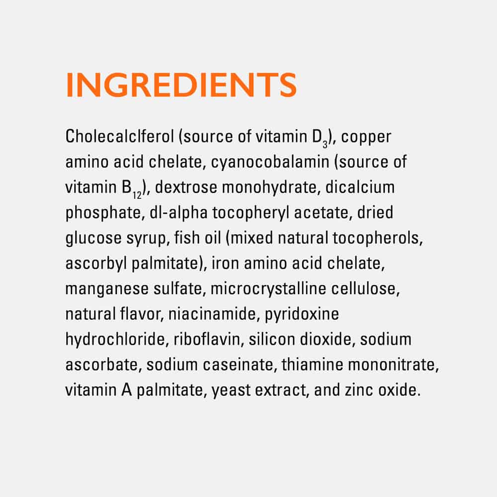 | Cholecalclferol (source of vitamin D3 ), copper amino acid chelate, cyanocobalamin (source of vitamin B12), dextrose monohydrate, dicalcium phosphate, dl-alpha tocopheryl acetate, dried glucose syrup, fish oil (mixed natural tocopherols, ascorbyl palmitate), iron amino acid chelate, manganese sulfate, microcrystalline cellulose, natural flavor, niacinamide, pyridoxine hydrochloride, riboflavin, silicon dioxide, sodium ascorbate, sodium caseinate, thiamine mononitrate, vitamin A palmitate, yeast extract, and zinc oxide. |
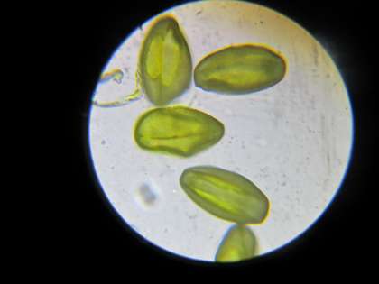 5年生は理科の「花から実へ」の学習でヘチマの花粉を顕微鏡で観察しました。
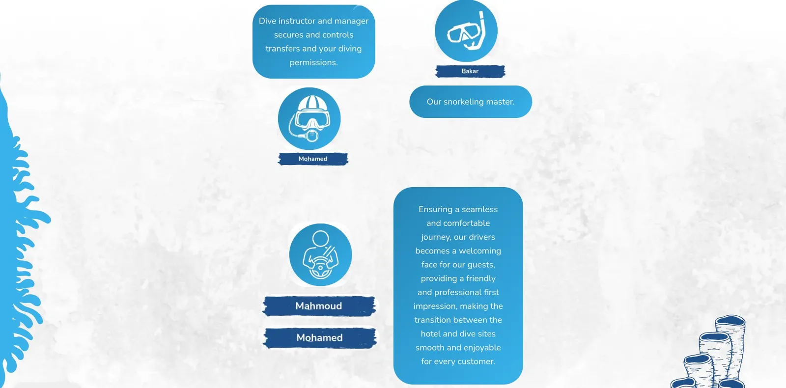 Design pracuje s klientovou vizí červeno-modré barevné kombinace, kterou doplňují podmořské prvky - korály, vlny a různé potápěčské motivy.
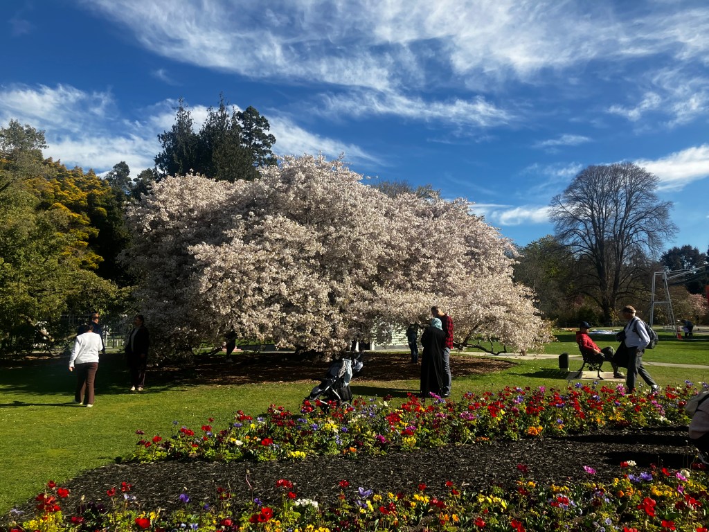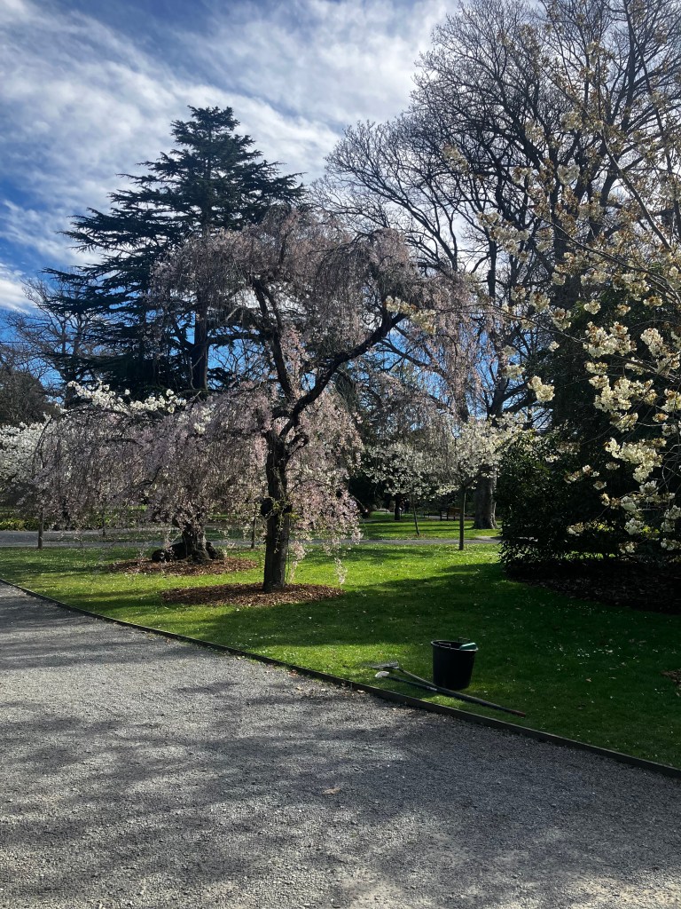 I took a deep breath. I expected to smell the sea, and I did, buried deep under the other smells. What smell was most predominate was flowers. Spring had sprung in Christchurch. Some trees were bare, some were budding, but some were covered in voluminous, fragrant flowers. I recognized the white ones as cherry trees right away (prunus yedeonsis, specifically noted to be common near Hagley Park), but some of the others were clearly subtropical plants. New Zealand was a subtropical forest before the Brits arrived, and it showed in the variety of flowering trees. Fields of flowers or plains are uncommon here.
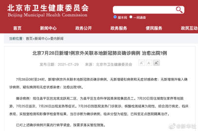 【#北京28日新增1例京外关联本地新冠肺炎确诊病例#】北京市卫生健康委29日通报,7月28日0时至24时,北京市新增1例京外关联本地新冠肺炎确诊病例,无新增疑似病例和无症状感染者;无新增境外输入确诊病例、疑似病例和无症状感染者;治愈出院1例。
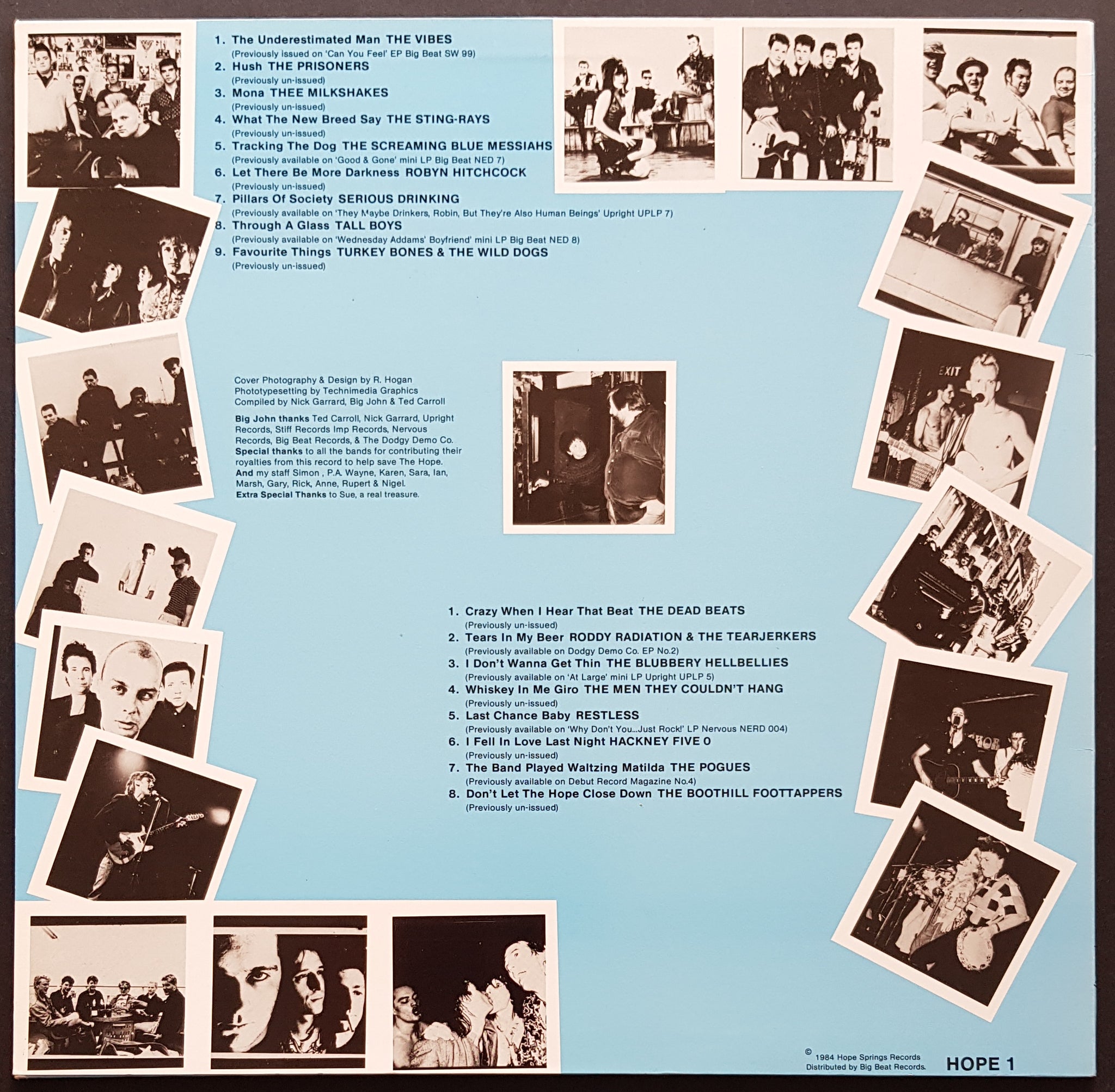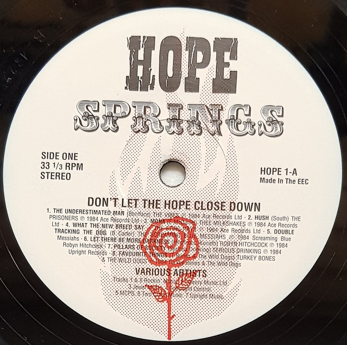 1984 HOPE SPRINGS Records HOPE1. Features The Pogues, Vibes, Thee Milkshakes, Prisoners, Robyn Hitchcock, Screaming Blue Messiahs + Others
:::::
[PROBLEM TO SOLVE] Repeat exactly the lines from the first line of the records above through the line containing "5年生は理科の「花から実へ」の学習でヘチマの花粉を顕微鏡で観察しました。", both included. Leave out the pictures.

[FINISHED TASK]
 | Cholecalclferol (source of vitamin D3 ), copper amino acid chelate, cyanocobalamin (source of vitamin B12), dextrose monohydrate, dicalcium phosphate, dl-alpha tocopheryl acetate, dried glucose syrup, fish oil (mixed natural tocopherols, ascorbyl palmitate), iron amino acid chelate, manganese sulfate, microcrystalline cellulose, natural flavor, niacinamide, pyridoxine hydrochloride, riboflavin, silicon dioxide, sodium ascorbate, sodium caseinate, thiamine mononitrate, vitamin A palmitate, yeast extract, and zinc oxide. |
 5年生は理科の「花から実へ」の学習でヘチマの花粉を顕微鏡で観察しました。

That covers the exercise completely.